Consensus on the evolutionary position of turtles within the amniote phylogeny has eluded evolutionary biologists for more than a century. This phylogenetic problem has remained unsolved partly because turtles have such a unique morphology that only few characters can be used to link them with any other group of amniotes. (Zardoya & Meyer 2001)

The turtle body plan is evidently highly derived, indeed unique among tetrapods. The problem for an evolutionary biologist is to explain these transformations in the context of a gradualistic process. (Rieppel 2001)

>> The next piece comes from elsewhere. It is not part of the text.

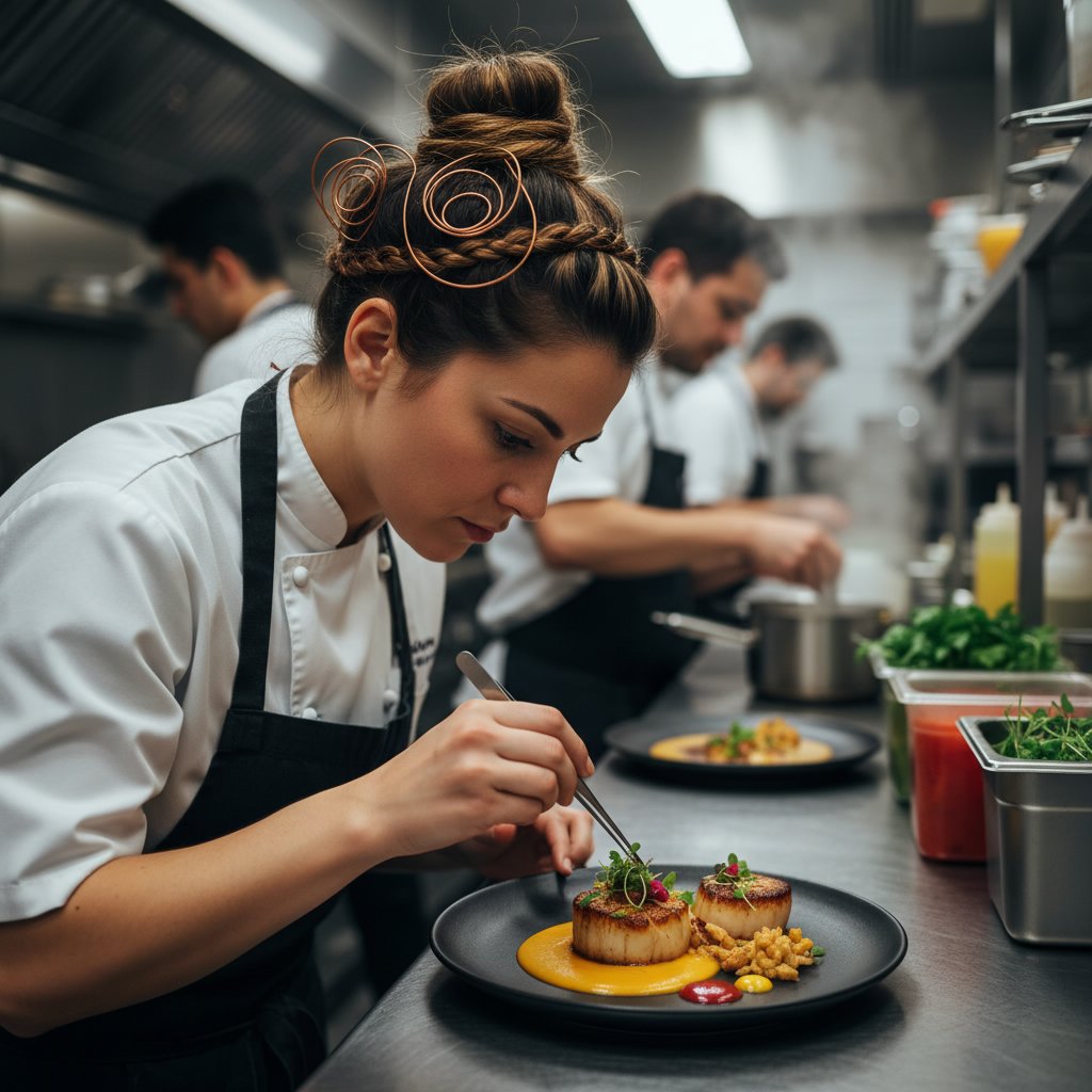 Hair pulled back with a twist combines functionality with a creative flair, ideal for chefs who bring artistry to their cuisine.
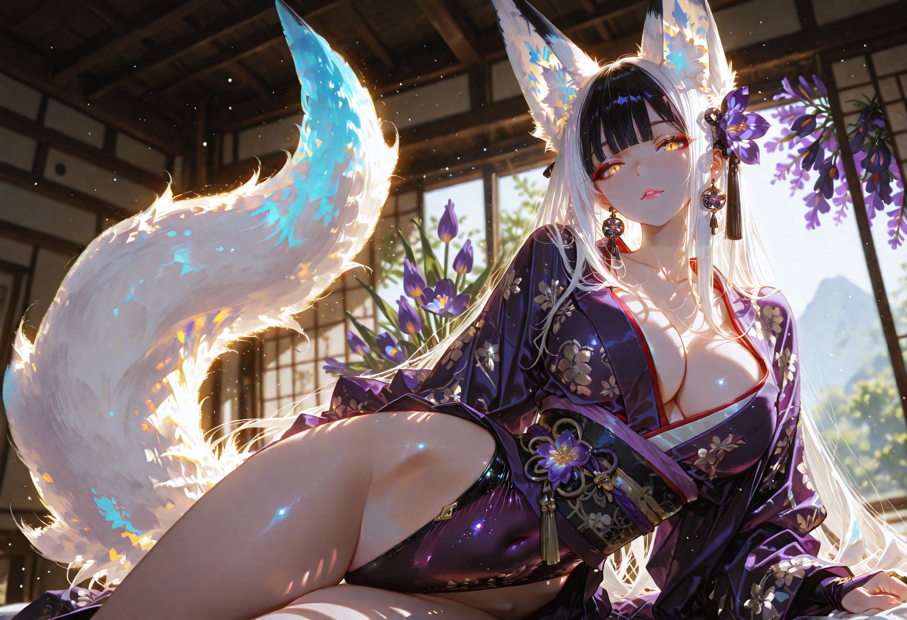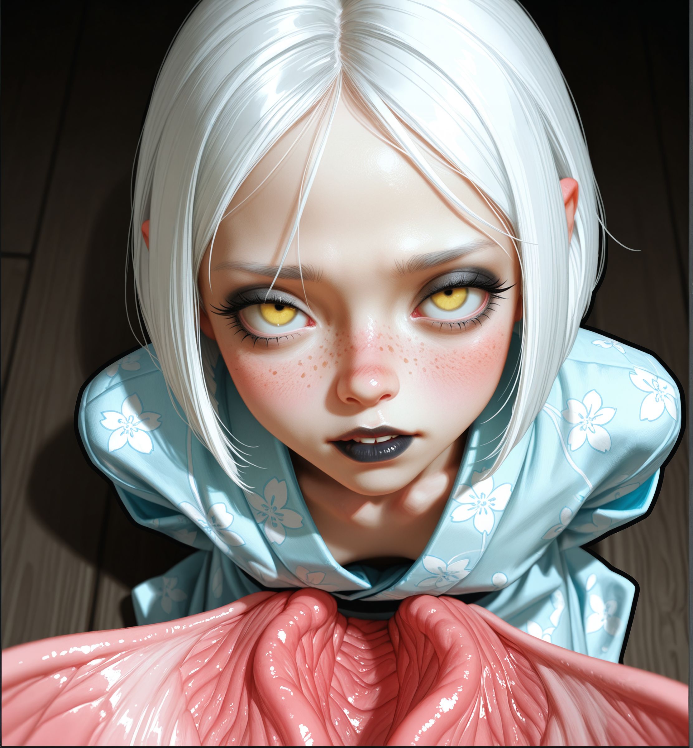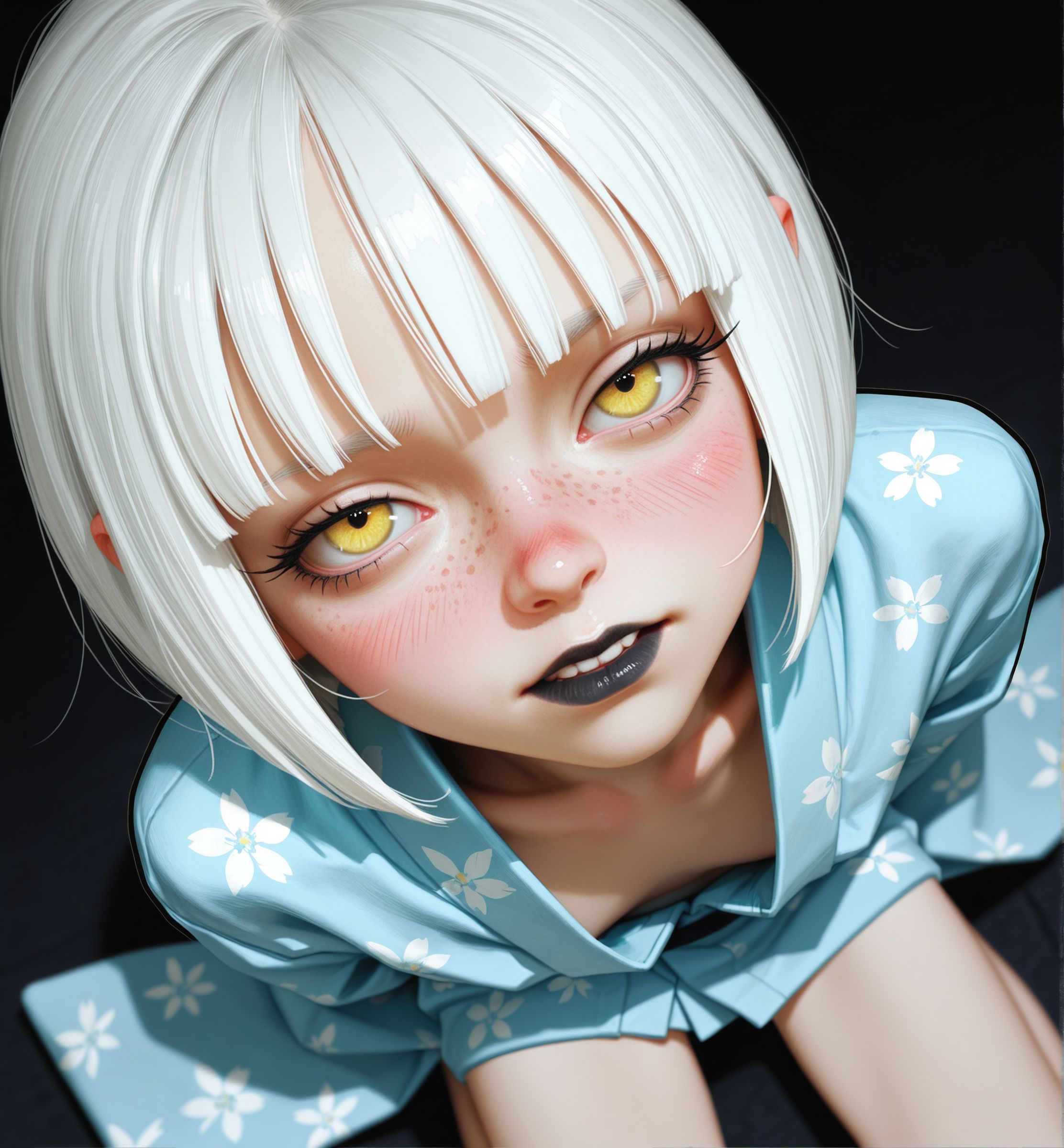 Requesting my daughterfu. She's got silver hair and gold eyes with a bobcut hairstyle and Japanese aesthetics.

Since the fossil record has yet to reveal what kind of animal gave rise to the earliest known turtles, the speculation continues, but whatever the amniote was, the apparent absence of intermediates between major groups means the transition is likely to have been abrupt.

Pareiasaurs were not the ancestral group. Nor were placodonts. So, does this mean that the ultimate ancestors were created with the unique turtle morphology? Again, the answer must be no. In recolonisation theory, just as in Darwin’s theory, the history of the lineage that gave rise to turtles goes back way beyond the Palaeozoic, and no one would wish to argue that evolution started only when the first fossils appeared. Indeed, the parallel case of placodonts rather strongly suggest that turtles were not always turtles, for while they also do not present a smooth series of intermediates, armoured placodonts do seem to be descended from unarmoured ones. The turtle shell was just one innovation among many. Like the repositioning of the limb girdles, new breathing muscles, two different neck-retraction mechanisms, salt glands, flippers, the trans-oceanic navigation system and leatherback endothermy, the dermal armour of turtles is likely to have evolved. In evolution anything is possible, even things that seem impossible. The question is only: who or what was responsible for its wonders.